◆ **SOURCE INFORMATION**
+++
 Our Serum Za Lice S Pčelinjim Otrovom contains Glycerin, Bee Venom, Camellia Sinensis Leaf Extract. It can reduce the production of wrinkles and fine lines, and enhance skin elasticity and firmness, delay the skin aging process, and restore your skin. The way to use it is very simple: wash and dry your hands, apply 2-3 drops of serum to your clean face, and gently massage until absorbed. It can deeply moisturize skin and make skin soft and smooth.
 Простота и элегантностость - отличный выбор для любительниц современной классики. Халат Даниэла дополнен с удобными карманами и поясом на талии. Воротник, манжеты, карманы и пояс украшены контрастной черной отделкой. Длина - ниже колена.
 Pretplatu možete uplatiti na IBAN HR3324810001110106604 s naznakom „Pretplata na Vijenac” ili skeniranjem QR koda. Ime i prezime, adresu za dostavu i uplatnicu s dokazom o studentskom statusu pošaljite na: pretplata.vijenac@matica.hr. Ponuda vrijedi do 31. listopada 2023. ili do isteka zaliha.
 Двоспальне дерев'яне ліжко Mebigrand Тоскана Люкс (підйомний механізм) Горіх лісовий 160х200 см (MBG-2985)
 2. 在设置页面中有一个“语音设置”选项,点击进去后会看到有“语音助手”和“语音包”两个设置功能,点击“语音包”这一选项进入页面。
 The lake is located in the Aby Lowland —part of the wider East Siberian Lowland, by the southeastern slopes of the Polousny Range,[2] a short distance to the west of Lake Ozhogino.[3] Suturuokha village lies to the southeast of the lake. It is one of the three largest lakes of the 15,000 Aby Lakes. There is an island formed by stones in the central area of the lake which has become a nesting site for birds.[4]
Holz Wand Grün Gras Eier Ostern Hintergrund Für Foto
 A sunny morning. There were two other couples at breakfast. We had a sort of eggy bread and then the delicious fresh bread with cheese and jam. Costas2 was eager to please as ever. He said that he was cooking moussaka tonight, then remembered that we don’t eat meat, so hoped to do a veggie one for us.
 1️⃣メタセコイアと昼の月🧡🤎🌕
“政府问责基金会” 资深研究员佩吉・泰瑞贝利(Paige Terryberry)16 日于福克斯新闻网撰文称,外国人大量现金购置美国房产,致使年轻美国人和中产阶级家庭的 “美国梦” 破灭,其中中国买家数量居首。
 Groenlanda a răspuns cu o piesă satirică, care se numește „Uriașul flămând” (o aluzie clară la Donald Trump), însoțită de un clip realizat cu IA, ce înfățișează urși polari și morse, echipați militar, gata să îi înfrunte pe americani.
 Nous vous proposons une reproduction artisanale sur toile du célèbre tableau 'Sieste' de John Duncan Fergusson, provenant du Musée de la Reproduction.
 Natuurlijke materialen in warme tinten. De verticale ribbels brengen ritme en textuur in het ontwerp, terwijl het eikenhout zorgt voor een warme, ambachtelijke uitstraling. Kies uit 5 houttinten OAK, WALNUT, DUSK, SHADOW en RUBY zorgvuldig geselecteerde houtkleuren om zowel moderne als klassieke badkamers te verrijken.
+++
◆ **REQUIRED ACTION**
Every one of the entries must be printed exactly.

◆ **PROBLEM SOLUTION**
 Our Serum Za Lice S Pčelinjim Otrovom contains Glycerin, Bee Venom, Camellia Sinensis Leaf Extract. It can reduce the production of wrinkles and fine lines, and enhance skin elasticity and firmness, delay the skin aging process, and restore your skin. The way to use it is very simple: wash and dry your hands, apply 2-3 drops of serum to your clean face, and gently massage until absorbed. It can deeply moisturize skin and make skin soft and smooth.
 Простота и элегантностость - отличный выбор для любительниц современной классики. Халат Даниэла дополнен с удобными карманами и поясом на талии. Воротник, манжеты, карманы и пояс украшены контрастной черной отделкой. Длина - ниже колена.
 Pretplatu možete uplatiti na IBAN HR3324810001110106604 s naznakom „Pretplata na Vijenac” ili skeniranjem QR koda. Ime i prezime, adresu za dostavu i uplatnicu s dokazom o studentskom statusu pošaljite na: pretplata.vijenac@matica.hr. Ponuda vrijedi do 31. listopada 2023. ili do isteka zaliha.
 Двоспальне дерев'яне ліжко Mebigrand Тоскана Люкс (підйомний механізм) Горіх лісовий 160х200 см (MBG-2985)
 2. 在设置页面中有一个“语音设置”选项,点击进去后会看到有“语音助手”和“语音包”两个设置功能,点击“语音包”这一选项进入页面。
 The lake is located in the Aby Lowland —part of the wider East Siberian Lowland, by the southeastern slopes of the Polousny Range,[2] a short distance to the west of Lake Ozhogino.[3] Suturuokha village lies to the southeast of the lake. It is one of the three largest lakes of the 15,000 Aby Lakes. There is an island formed by stones in the central area of the lake which has become a nesting site for birds.[4]
Holz Wand Grün Gras Eier Ostern Hintergrund Für Foto
 A sunny morning. There were two other couples at breakfast. We had a sort of eggy bread and then the delicious fresh bread with cheese and jam. Costas2 was eager to please as ever. He said that he was cooking moussaka tonight, then remembered that we don’t eat meat, so hoped to do a veggie one for us.
 1️⃣メタセコイアと昼の月🧡🤎🌕
“政府问责基金会” 资深研究员佩吉・泰瑞贝利(Paige Terryberry)16 日于福克斯新闻网撰文称,外国人大量现金购置美国房产,致使年轻美国人和中产阶级家庭的 “美国梦” 破灭,其中中国买家数量居首。
 Groenlanda a răspuns cu o piesă satirică, care se numește „Uriașul flămând” (o aluzie clară la Donald Trump), însoțită de un clip realizat cu IA, ce înfățișează urși polari și morse, echipați militar, gata să îi înfrunte pe americani.
 Nous vous proposons une reproduction artisanale sur toile du célèbre tableau 'Sieste' de John Duncan Fergusson, provenant du Musée de la Reproduction.
 Natuurlijke materialen in warme tinten. De verticale ribbels brengen ritme en textuur in het ontwerp, terwijl het eikenhout zorgt voor een warme, ambachtelijke uitstraling. Kies uit 5 houttinten OAK, WALNUT, DUSK, SHADOW en RUBY zorgvuldig geselecteerde houtkleuren om zowel moderne als klassieke badkamers te verrijken.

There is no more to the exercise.